(Source data)
----------------------------------------

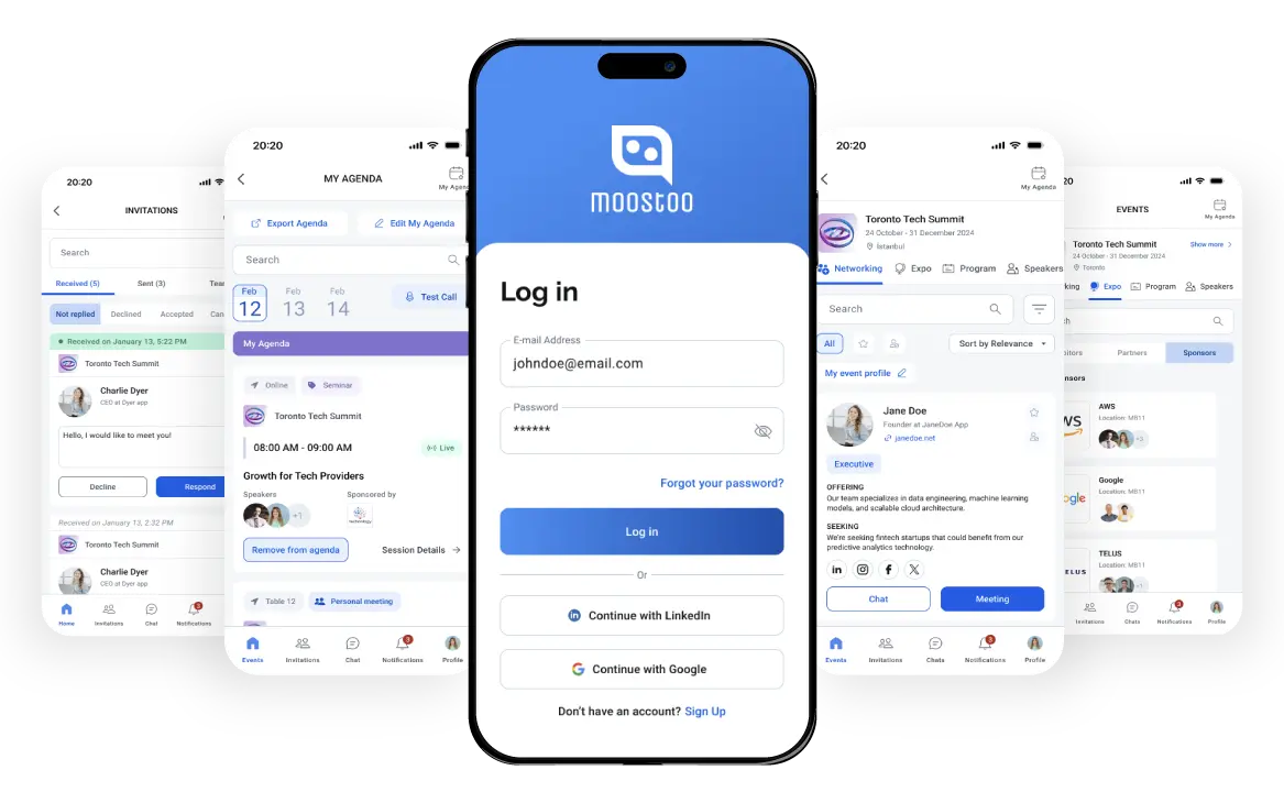 Manage Your Events on the Go! Download the Moostoo mobile app to manage your schedules, customize agendas, and access real-time event updates — all from your phone. Whether you’re an attendee, speaker, or sponsor, everything available on the web is accessible in the app. Moostoo works seamlessly on both iOS and Android, making event engagement easy and portable.
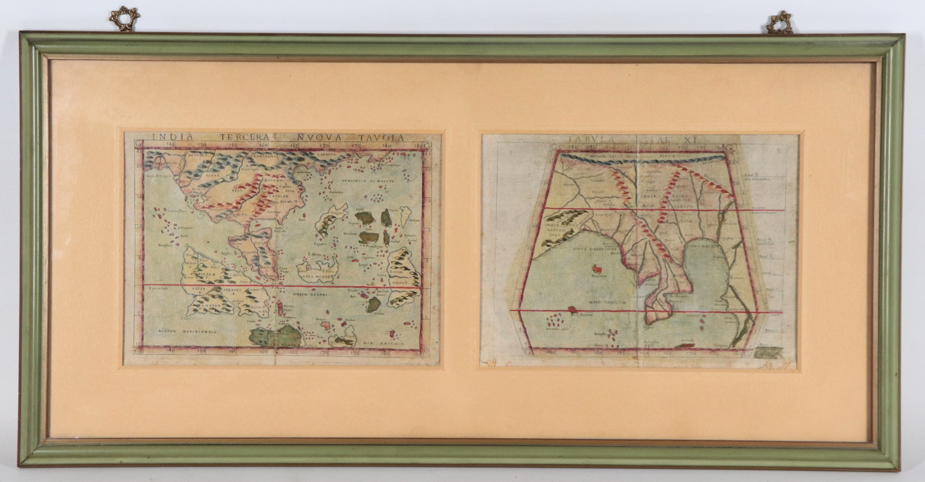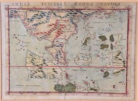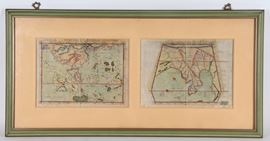 Lotto di due antiche copie delle proiezioni cartografiche del mondo allora conosciuto, dall'opera "Geografia" di Tolomeo
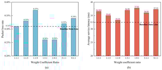 (a) Packet loss rate metrics in relation to weight coefficients; (b) average service delay metrics in relation to weight coefficients.
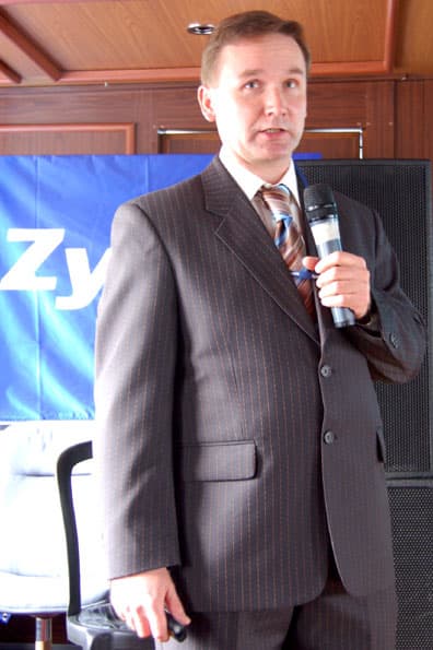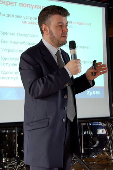 Следующим по списку был Илья Уманский, директор департамента по продажам и маркетингу. Он пояснил, чем обусловлен стремительный рост оборота компании. По его словам, компания ZyXEL начинает работать только с теми технологиями, которые уже получили признание пользователей и доказали свою жизнеспособность. Кроме того, не стоит забывать, что ZyXEL обращает внимание лишь на технологии, способные послужить «мостом» в интернет для пользователя. «Мы понимаем, кто является нашим клиентом и что он умеет», — сказал Илья Уманский.
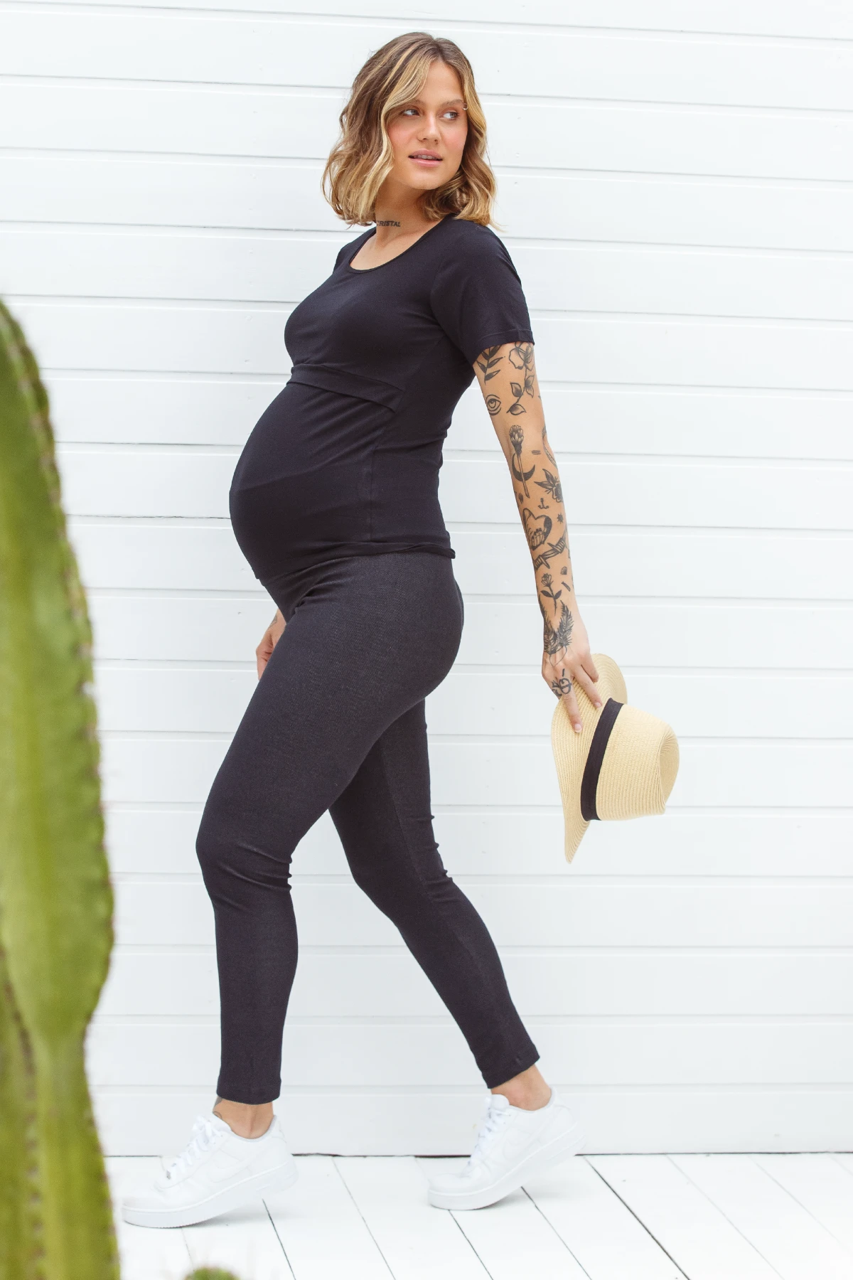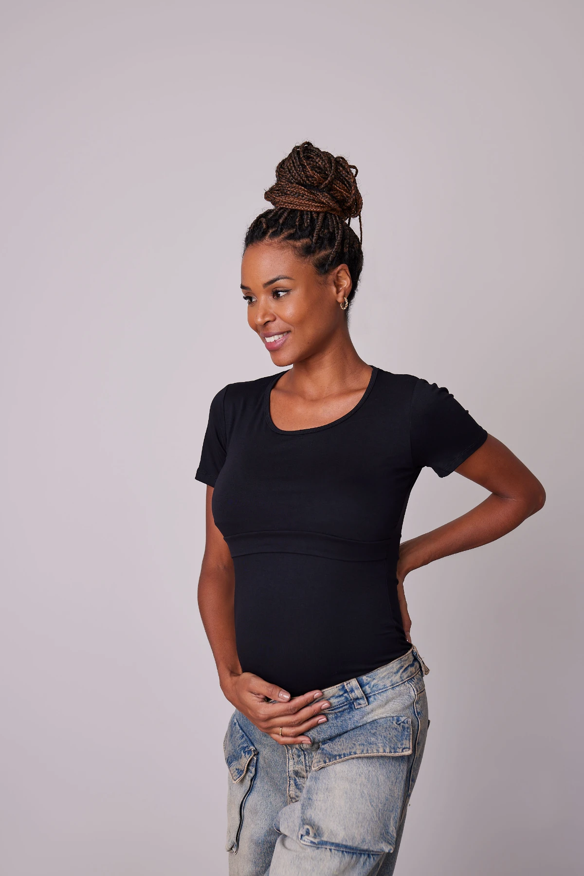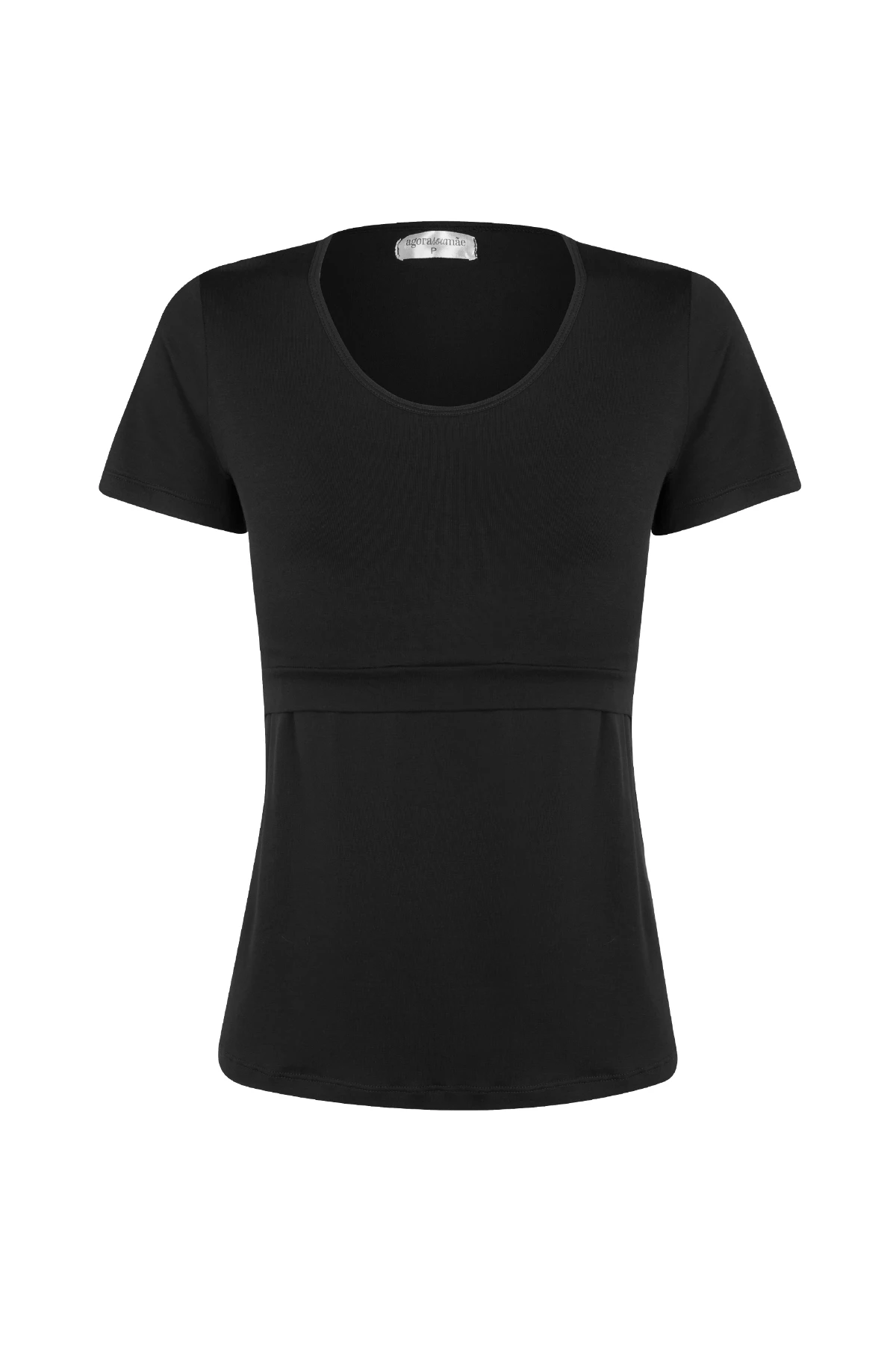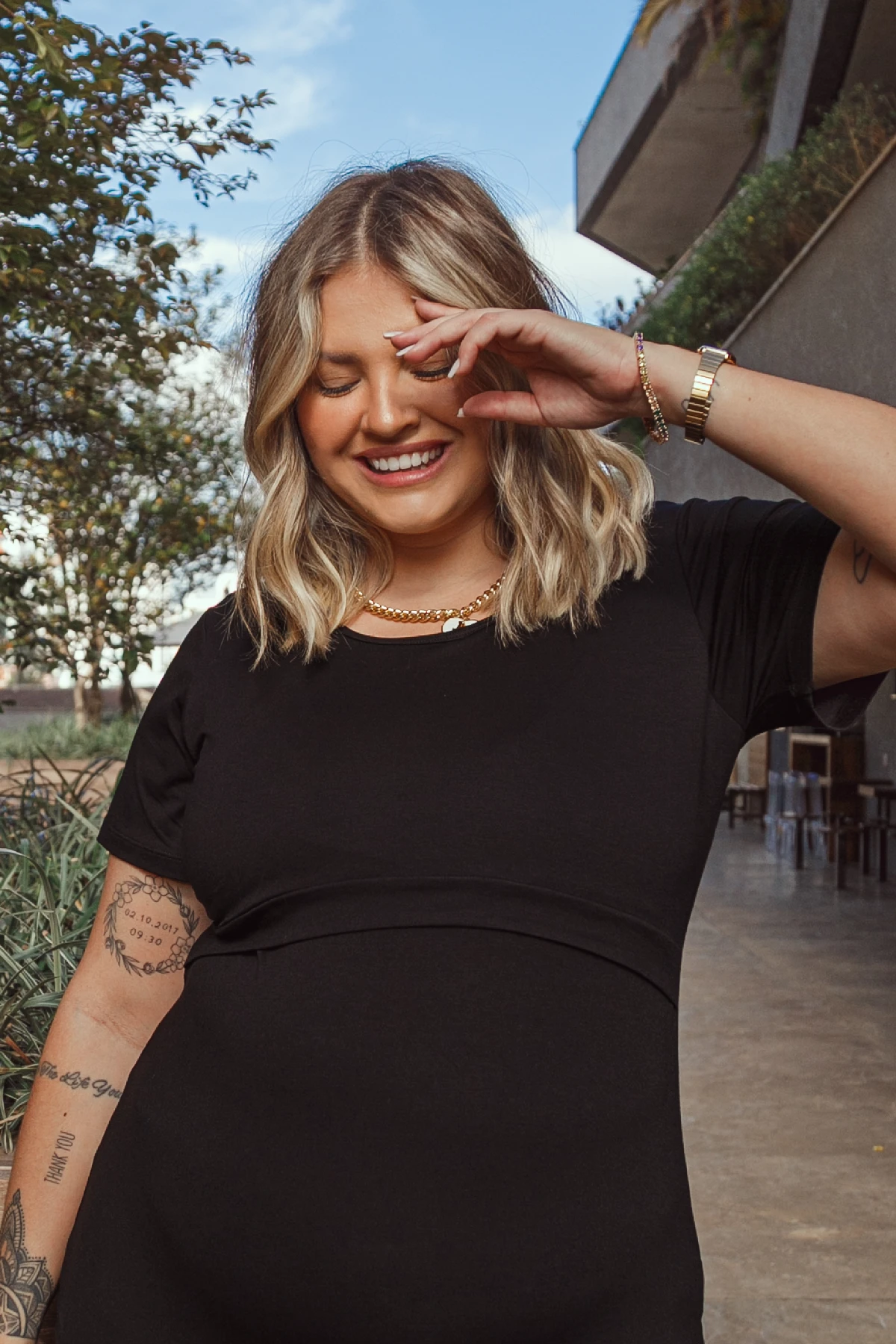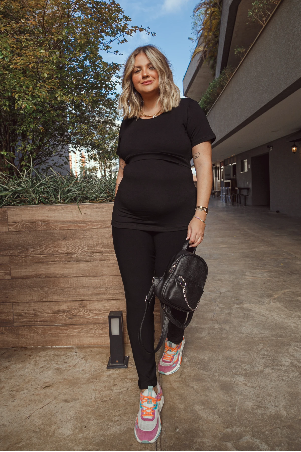 T-shirt básica com modelagem justinha e tecido em viscolycra flexível, macio e confortável. Possui uma sobreposição com decote interno para a amamentação.

----------------------------------------

• **Task requirements**
Return only the lines running from the top of the data to the line that holds "Lotto di due". Include both of those lines, but skip the pictures.

• **Reply**
 Manage Your Events on the Go! Download the Moostoo mobile app to manage your schedules, customize agendas, and access real-time event updates — all from your phone. Whether you’re an attendee, speaker, or sponsor, everything available on the web is accessible in the app. Moostoo works seamlessly on both iOS and Android, making event engagement easy and portable.
 Lotto di due antiche copie delle proiezioni cartografiche del mondo allora conosciuto, dall'opera "Geografia" di Tolomeo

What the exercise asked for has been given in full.